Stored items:

* * * * * * *

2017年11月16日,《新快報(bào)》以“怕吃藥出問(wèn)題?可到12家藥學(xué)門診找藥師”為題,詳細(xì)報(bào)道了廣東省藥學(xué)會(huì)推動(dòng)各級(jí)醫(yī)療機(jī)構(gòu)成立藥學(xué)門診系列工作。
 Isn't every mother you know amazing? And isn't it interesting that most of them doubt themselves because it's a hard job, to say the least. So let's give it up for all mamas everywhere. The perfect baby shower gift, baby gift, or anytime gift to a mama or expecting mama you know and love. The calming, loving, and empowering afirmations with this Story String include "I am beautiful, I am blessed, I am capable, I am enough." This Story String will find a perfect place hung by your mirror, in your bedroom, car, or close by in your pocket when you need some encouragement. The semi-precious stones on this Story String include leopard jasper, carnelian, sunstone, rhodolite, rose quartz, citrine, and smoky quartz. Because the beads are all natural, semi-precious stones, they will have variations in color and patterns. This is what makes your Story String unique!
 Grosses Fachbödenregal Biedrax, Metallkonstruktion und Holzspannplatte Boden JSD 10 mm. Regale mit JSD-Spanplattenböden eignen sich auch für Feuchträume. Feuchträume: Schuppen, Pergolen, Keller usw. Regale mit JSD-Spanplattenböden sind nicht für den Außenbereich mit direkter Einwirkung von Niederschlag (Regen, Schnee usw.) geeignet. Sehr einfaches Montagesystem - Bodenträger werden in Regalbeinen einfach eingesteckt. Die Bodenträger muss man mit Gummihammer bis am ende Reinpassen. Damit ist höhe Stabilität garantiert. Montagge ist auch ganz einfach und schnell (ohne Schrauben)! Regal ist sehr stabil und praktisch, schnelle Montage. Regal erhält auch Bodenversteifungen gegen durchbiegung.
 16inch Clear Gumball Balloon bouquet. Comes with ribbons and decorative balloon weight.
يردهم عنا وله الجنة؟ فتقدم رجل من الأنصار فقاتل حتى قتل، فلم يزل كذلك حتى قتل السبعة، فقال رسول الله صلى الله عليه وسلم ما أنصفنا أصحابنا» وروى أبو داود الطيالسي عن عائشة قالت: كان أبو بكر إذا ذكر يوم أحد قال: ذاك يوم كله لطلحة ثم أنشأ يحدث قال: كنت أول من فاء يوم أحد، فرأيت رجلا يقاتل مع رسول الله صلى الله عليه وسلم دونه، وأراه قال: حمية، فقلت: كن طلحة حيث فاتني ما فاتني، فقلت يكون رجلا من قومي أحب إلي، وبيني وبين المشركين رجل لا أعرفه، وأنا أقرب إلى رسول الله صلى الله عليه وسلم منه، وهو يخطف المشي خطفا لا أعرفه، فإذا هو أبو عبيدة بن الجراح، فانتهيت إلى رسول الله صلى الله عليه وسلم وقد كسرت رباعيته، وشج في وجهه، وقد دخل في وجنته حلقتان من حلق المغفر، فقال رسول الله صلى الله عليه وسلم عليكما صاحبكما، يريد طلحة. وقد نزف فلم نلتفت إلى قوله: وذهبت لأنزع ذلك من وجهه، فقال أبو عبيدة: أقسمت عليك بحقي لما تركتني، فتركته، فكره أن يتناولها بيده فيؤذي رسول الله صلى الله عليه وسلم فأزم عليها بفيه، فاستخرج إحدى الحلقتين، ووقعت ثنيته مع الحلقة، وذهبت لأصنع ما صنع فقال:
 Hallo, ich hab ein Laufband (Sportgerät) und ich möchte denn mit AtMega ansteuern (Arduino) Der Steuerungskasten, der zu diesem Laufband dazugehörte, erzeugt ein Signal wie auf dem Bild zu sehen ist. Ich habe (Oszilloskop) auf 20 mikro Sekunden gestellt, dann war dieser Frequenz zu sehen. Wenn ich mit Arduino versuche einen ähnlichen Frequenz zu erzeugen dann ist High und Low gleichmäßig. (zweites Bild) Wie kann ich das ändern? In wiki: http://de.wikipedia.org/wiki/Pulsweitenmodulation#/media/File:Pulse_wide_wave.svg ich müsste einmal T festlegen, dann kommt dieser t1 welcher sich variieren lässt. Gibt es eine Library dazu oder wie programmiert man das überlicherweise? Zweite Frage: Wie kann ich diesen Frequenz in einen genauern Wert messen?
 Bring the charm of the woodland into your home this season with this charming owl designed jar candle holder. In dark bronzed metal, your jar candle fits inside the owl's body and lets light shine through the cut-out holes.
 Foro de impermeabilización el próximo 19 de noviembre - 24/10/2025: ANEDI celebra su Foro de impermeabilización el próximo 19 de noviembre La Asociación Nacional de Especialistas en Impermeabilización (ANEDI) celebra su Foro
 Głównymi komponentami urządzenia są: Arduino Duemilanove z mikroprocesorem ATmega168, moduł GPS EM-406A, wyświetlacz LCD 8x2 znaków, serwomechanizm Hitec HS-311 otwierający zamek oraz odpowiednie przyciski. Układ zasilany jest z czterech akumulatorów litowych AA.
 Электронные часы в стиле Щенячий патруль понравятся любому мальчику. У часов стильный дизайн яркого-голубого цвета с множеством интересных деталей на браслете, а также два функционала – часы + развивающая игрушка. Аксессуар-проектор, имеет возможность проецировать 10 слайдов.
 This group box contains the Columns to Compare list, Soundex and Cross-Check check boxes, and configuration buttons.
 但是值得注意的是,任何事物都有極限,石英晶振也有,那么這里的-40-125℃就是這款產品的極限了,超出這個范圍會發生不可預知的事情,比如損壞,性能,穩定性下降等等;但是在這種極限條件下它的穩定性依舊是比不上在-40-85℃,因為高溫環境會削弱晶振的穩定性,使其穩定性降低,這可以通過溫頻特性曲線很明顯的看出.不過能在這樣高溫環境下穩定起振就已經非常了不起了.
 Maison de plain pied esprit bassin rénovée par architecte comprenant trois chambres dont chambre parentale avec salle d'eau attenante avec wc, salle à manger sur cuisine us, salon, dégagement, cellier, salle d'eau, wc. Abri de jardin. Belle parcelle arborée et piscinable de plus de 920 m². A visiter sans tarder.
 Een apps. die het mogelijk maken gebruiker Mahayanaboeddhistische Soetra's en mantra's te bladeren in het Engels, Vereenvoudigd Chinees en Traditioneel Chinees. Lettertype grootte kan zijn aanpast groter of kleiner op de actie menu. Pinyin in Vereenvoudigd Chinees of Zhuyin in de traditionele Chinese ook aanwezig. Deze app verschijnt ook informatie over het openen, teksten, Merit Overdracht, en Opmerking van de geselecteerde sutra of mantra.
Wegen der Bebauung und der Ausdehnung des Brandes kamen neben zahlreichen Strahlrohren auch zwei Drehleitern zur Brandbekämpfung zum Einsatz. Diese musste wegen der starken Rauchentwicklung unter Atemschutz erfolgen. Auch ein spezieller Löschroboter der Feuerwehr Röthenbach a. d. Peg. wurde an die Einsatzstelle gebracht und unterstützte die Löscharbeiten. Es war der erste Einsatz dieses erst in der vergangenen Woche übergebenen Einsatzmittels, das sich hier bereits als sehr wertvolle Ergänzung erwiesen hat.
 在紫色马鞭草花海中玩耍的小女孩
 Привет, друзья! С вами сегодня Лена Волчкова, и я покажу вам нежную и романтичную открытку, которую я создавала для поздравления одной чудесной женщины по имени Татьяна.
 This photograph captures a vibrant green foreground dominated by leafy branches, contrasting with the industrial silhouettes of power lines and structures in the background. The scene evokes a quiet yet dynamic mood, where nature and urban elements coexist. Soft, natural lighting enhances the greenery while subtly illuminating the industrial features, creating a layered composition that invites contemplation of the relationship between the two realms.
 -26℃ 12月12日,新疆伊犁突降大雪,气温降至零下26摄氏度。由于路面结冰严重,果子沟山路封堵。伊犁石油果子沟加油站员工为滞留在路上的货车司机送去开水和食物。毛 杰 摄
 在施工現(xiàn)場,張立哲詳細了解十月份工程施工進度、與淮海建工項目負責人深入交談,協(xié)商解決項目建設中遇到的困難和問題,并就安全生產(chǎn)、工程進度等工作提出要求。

* * * * * * *

__Work to complete__:
Verbatim output is expected for the lines from the start of the data to the line in which "Isn't every mother" appears, both included.

__Result of the exercise__:
2017年11月16日,《新快報(bào)》以“怕吃藥出問(wèn)題?可到12家藥學(xué)門診找藥師”為題,詳細(xì)報(bào)道了廣東省藥學(xué)會(huì)推動(dòng)各級(jí)醫(yī)療機(jī)構(gòu)成立藥學(xué)門診系列工作。
 Isn't every mother you know amazing? And isn't it interesting that most of them doubt themselves because it's a hard job, to say the least. So let's give it up for all mamas everywhere. The perfect baby shower gift, baby gift, or anytime gift to a mama or expecting mama you know and love. The calming, loving, and empowering afirmations with this Story String include "I am beautiful, I am blessed, I am capable, I am enough." This Story String will find a perfect place hung by your mirror, in your bedroom, car, or close by in your pocket when you need some encouragement. The semi-precious stones on this Story String include leopard jasper, carnelian, sunstone, rhodolite, rose quartz, citrine, and smoky quartz. Because the beads are all natural, semi-precious stones, they will have variations in color and patterns. This is what makes your Story String unique!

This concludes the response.